A union-busting lawyer who participated in a 1981 presidential decision that has, over the years, been disastrous for workers was nominated general counsel for the National Labor Relations Board (NLRB), the federal agency charged with protecting workers’ rights.

Peter Robb, a New England attorney, was nominated by President Trump as his choice to be the NLRB’s top lawyer. This is a four-year term, and the individual selected is responsible for investigating unfair labor practices. Robb is expected to assume the position in November.

In 1981, Robb was President Ronald Reagan’s attorney when the president fired more than 11,000 members of the Professional Air Traffic controllers Organization (PATCO) who went on strike at the nation’s airports.

Reagan’s decision to fire the controllers was a low point in labor history.
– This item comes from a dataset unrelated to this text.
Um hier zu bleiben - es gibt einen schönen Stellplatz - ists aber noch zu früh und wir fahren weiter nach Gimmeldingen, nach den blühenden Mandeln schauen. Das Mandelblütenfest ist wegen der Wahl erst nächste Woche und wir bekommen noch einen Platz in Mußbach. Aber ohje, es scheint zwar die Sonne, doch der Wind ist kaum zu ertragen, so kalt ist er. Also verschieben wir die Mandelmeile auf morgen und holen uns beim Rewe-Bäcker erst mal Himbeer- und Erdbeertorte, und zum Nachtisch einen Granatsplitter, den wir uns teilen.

It has proven to be a major factor in the diminishment of organized labor’s strength in collective bargaining with employers over the past 36 years. It effectively limited, if not entirely eliminated, the unions’ right to strike, and set the stage for an all-out attack on organizing rights.

Before Reagan’s decision to break the PATCO strike, strikebreaking – the hiring of scabs to replace strikers – was uncommon, even considered immoral by some employers. During a strike, the strikebound companies almost always continued to engage in collective bargaining with the union.
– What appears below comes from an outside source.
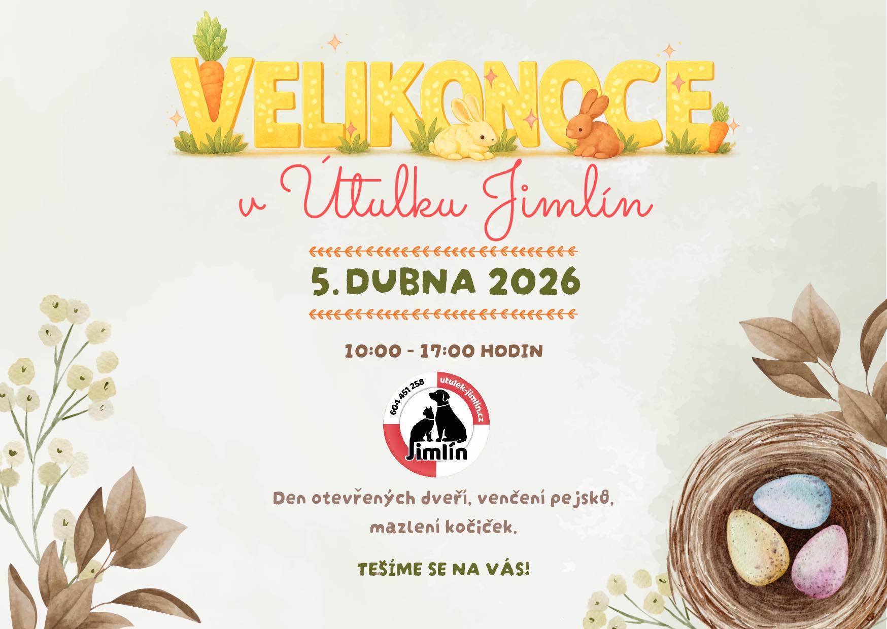 tak jako každý rok, tak i letos pro Vás chystáme Velikonoční setkání v našem útulku. Navštívit nás můžete v neděli 5. dubna 2026 od 10:00 do 17:00 hodin. Rádi Vás provedeme útulkem, budete moci vyvenčit či pomazlit naše pejsky a kočičky.

But when private sector employers saw that Reagan was able to get away with it, they saw an opportunity. They began to copycat Reagan’s hard line when their workers went on strike. Money talked and workers walked.

The late Robert Waldron, former Republican Speaker of the Michigan House of Representatives, when asked why the GOP didn’t support such activities before 1980, said “because we had respect for our workers.” That respect disappeared after PATCO.

Now, 36 years later, Robb has been nominated by President Trump to serve as general counsel of the NLRB, the federal agency charged with protecting the rights, wages and working conditions of workers.

In 1981, Robb filed unfair labor practice charges against PATCO on behalf of the Federal Labor Relations after the court ruled that the controllers’ strike was illegal. The FLRA case led to the decertification of PATCO, and Reagan subsequently banned most of the striking workers from federal service for the rest of their lives.

Robb’s high-profile union-busting activities didn’t end with PATCO. In 2014 he was hired by Dominion Nuclear power plant when the International Brotherhood of Electrical Workers (IPEW) began organizing the company’s workers.

His law firm’s website boasts that Robb represented a major national corporation in a National Labor Relations Board representation case proceeding, which had 34 days of hearings over three months to resolve 80 contested classifications covering hundreds of employees.

The Trump administration’s previous NLRB nominees all have connections to union busting, and the expected nomination of Robb would effectively make the NLRB – responsible for protecting workers’ rights – an anti-labor agency. Many unions warned their members before the election that Donald Trump was not and never will be supportive of working men and women.